#### Information supplied:
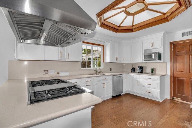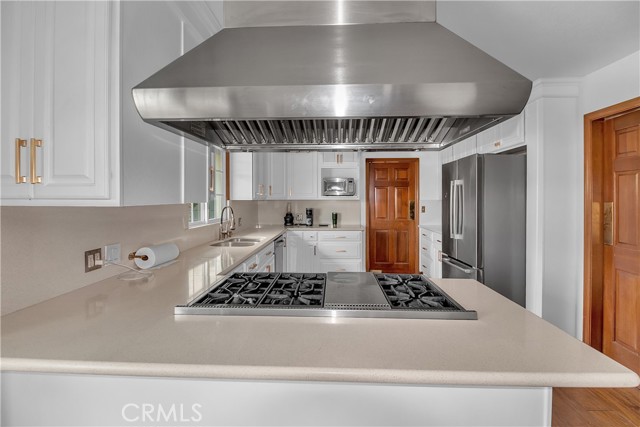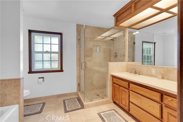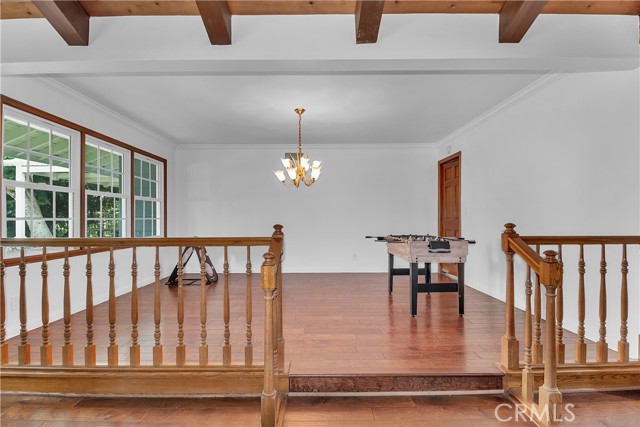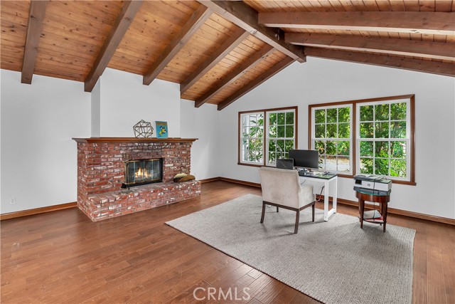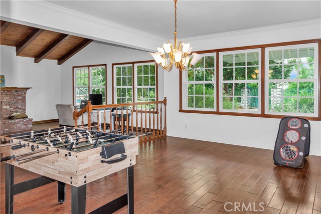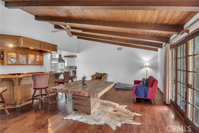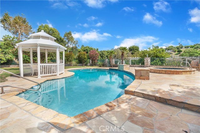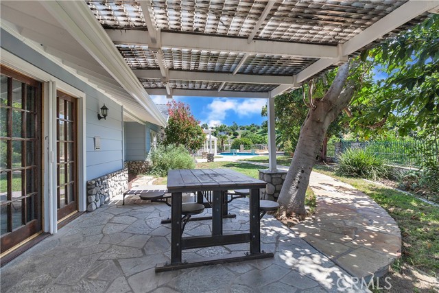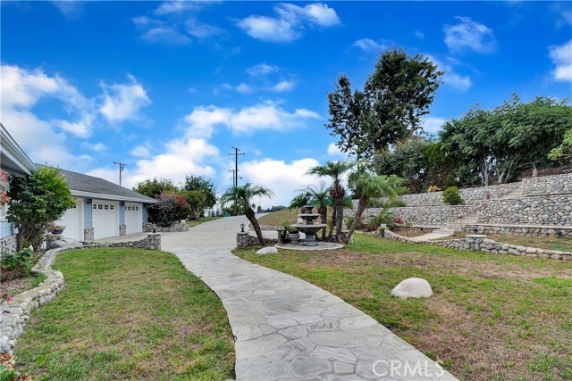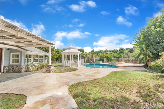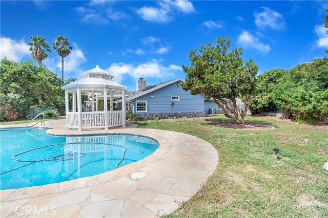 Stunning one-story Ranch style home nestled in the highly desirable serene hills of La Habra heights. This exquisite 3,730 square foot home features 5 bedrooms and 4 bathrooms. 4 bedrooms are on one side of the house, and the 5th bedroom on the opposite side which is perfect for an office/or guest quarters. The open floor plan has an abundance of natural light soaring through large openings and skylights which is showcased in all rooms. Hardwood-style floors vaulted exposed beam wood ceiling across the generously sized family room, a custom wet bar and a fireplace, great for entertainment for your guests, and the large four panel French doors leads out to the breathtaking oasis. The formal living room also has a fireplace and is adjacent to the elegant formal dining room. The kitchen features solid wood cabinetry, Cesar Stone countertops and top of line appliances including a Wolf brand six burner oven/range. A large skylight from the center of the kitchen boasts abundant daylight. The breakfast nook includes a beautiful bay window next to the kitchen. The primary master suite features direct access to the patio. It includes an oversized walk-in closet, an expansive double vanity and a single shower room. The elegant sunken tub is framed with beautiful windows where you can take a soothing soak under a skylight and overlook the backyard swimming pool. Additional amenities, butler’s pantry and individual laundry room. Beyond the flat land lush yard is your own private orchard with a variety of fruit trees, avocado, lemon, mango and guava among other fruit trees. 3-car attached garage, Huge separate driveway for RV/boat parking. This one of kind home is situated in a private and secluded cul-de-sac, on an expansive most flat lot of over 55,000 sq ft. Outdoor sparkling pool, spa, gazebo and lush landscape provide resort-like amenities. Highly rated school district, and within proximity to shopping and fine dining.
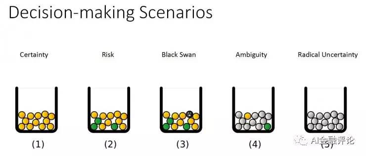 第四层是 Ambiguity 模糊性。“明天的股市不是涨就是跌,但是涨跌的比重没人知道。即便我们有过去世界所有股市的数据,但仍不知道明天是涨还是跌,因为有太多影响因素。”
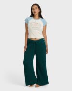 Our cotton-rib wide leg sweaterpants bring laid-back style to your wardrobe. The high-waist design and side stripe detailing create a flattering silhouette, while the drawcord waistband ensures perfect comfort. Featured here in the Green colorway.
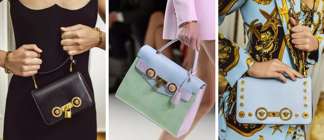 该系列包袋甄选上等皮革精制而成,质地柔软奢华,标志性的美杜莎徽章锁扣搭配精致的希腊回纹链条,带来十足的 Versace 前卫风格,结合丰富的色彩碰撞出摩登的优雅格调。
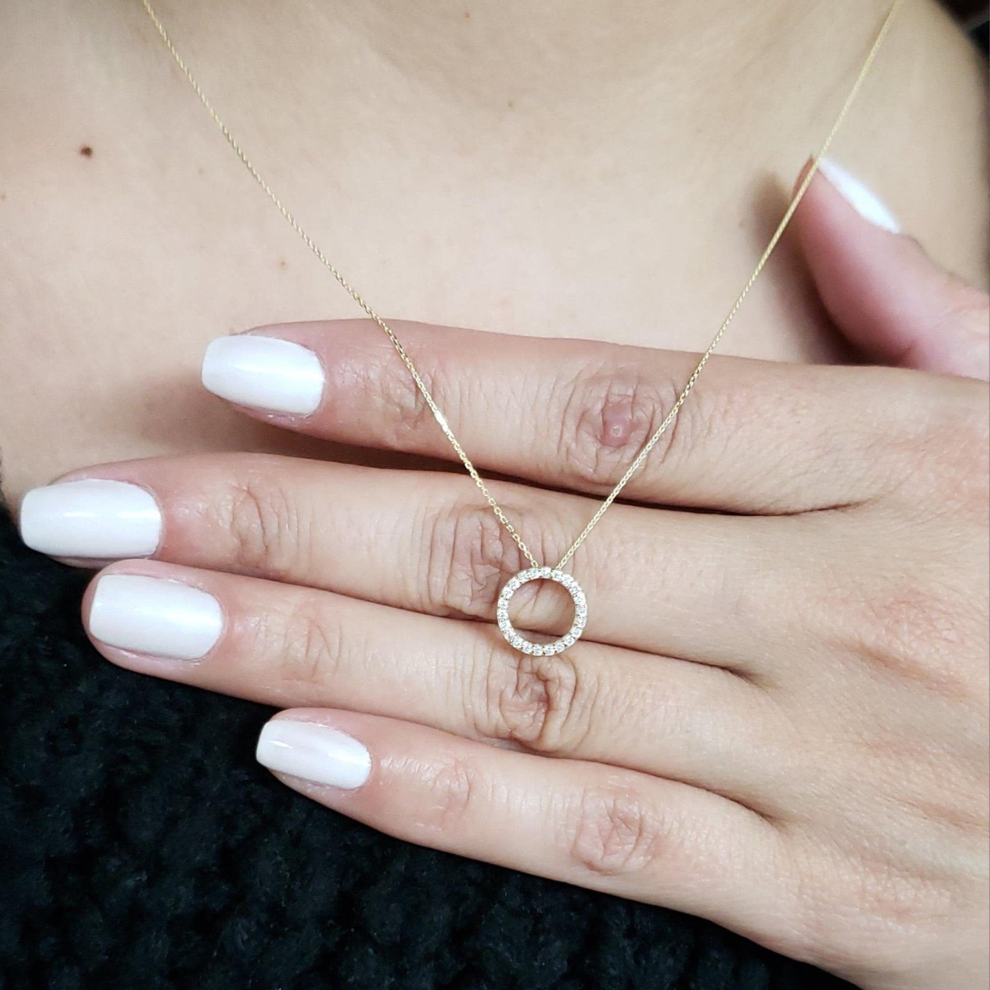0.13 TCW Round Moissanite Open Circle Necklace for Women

#### Required action:
Output the data above in full and exactly, with every image left out.

#### Task response:
 Stunning one-story Ranch style home nestled in the highly desirable serene hills of La Habra heights. This exquisite 3,730 square foot home features 5 bedrooms and 4 bathrooms. 4 bedrooms are on one side of the house, and the 5th bedroom on the opposite side which is perfect for an office/or guest quarters. The open floor plan has an abundance of natural light soaring through large openings and skylights which is showcased in all rooms. Hardwood-style floors vaulted exposed beam wood ceiling across the generously sized family room, a custom wet bar and a fireplace, great for entertainment for your guests, and the large four panel French doors leads out to the breathtaking oasis. The formal living room also has a fireplace and is adjacent to the elegant formal dining room. The kitchen features solid wood cabinetry, Cesar Stone countertops and top of line appliances including a Wolf brand six burner oven/range. A large skylight from the center of the kitchen boasts abundant daylight. The breakfast nook includes a beautiful bay window next to the kitchen. The primary master suite features direct access to the patio. It includes an oversized walk-in closet, an expansive double vanity and a single shower room. The elegant sunken tub is framed with beautiful windows where you can take a soothing soak under a skylight and overlook the backyard swimming pool. Additional amenities, butler’s pantry and individual laundry room. Beyond the flat land lush yard is your own private orchard with a variety of fruit trees, avocado, lemon, mango and guava among other fruit trees. 3-car attached garage, Huge separate driveway for RV/boat parking. This one of kind home is situated in a private and secluded cul-de-sac, on an expansive most flat lot of over 55,000 sq ft. Outdoor sparkling pool, spa, gazebo and lush landscape provide resort-like amenities. Highly rated school district, and within proximity to shopping and fine dining.
 第四层是 Ambiguity 模糊性。“明天的股市不是涨就是跌,但是涨跌的比重没人知道。即便我们有过去世界所有股市的数据,但仍不知道明天是涨还是跌,因为有太多影响因素。”
 Our cotton-rib wide leg sweaterpants bring laid-back style to your wardrobe. The high-waist design and side stripe detailing create a flattering silhouette, while the drawcord waistband ensures perfect comfort. Featured here in the Green colorway.
 该系列包袋甄选上等皮革精制而成,质地柔软奢华,标志性的美杜莎徽章锁扣搭配精致的希腊回纹链条,带来十足的 Versace 前卫风格,结合丰富的色彩碰撞出摩登的优雅格调。
0.13 TCW Round Moissanite Open Circle Necklace for Women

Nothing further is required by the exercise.